Oh no, ‘twas the truth in her eyes ever dawning
That made me love Mary, the Rose of Tralee.’




The same popular tale proposes that in 1843, having been falsely accused of the murder of another local man, William Mulchinock was forced to abandon the lovely Mary O’Connor and flee Ireland, moving to India where he became a war correspondent on the Northwest frontier during the Afghanistan War. Supposedly, following the intervention of fellow Irishman and Commander-in-Chief of the British army in India, Field-Marshall Hugh Gough, after six years Mulchinock was able to return home. However, the day he arrived back in Tralee happened to coincide with Mary O’Connor’s funeral. Seemingly Mulchinock was heartbroken, although he recovered sufficiently to marry later that year and move to the United States where he and his wife Alice had a number of children, Mulchinock, legend would have it, then abandoned this family, preferring to return once more to Tralee where he pined for Mary O’Connor before dying of fever in 1864.

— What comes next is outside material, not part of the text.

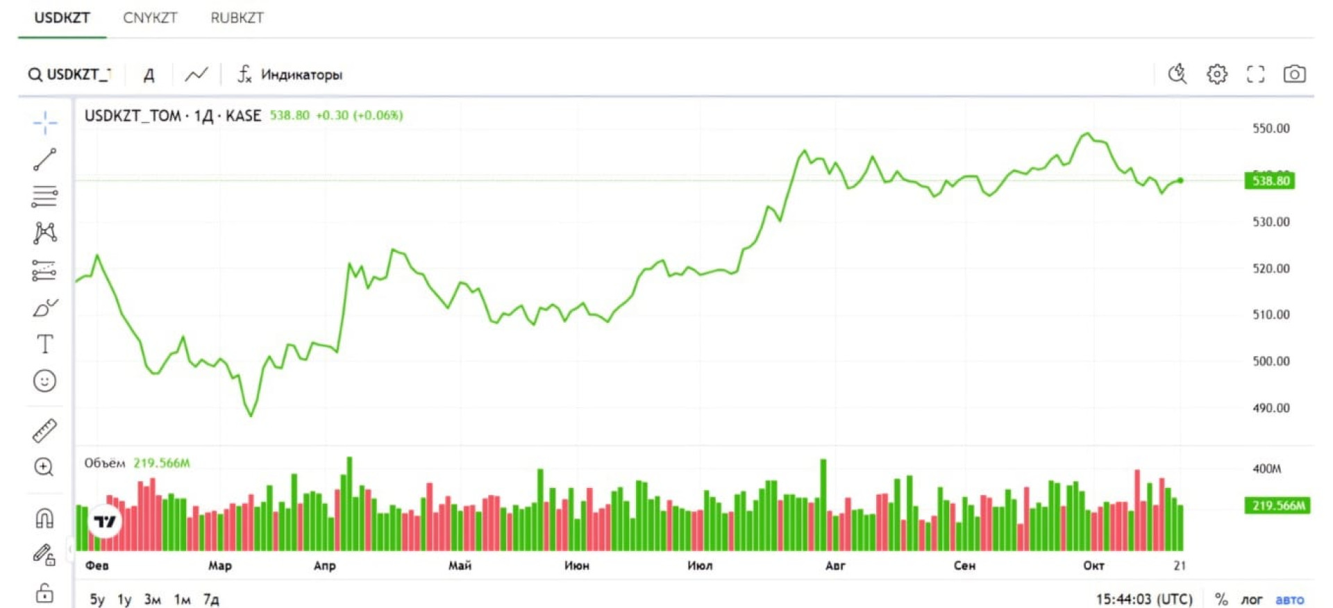 При этом по итогам торгов на Казахстанской фондовой бирже (KASE, на 15:30 по времени Астаны) средневзвешенный курс доллара составил 538,53 тенге, понизившись на 0,08 тенге.

For all its whimsical charm, the above story bears little semblance to the truth. William Pembroke Mulchinock (1820-64) was indeed the member of a well-to-do merchant family in Tralee, and indeed a supporter of the Young Ireland movement in the 1840s. On the other hand, the date of his marriage to Alice Keogh of Ballinasloe was 1847 (when he was supposed still to be in India) and, accompanied by his wife and a young daughter, he emigrated to the United States in 1848: the couple would later have a son. In New York, Mulchinock worked for various newspapers and wrote verses, publishing a collection in 1851: tellingly, this volume (dedicated to Henry Longfellow) did not include ‘The Rose of Tralee.’ That poem had already appeared in print in 1846, when included in a volume called The heir of Abbotsville by English author, Edward Mordaunt Spencer, published the verses in his 1846 volume, The heir of Abbotsville, with an annotation stating ‘Set to music by Stephen Glover, and published by C. Jeffreys, Soho-square.’ As for Mulchinock, it is true that his marriage failed and that he returned to Tralee where in 1861 he was one of the founders of the Kerry Star, the first Roman Catholic-run newspaper in Kerry, dying of fever in October 1864. Returning to Mary O’Connor, her own supposed burial place is marked not by one of the handsome table tombs which proliferate in Clogherbrien graveyard, but by a singularly ugly modern monument.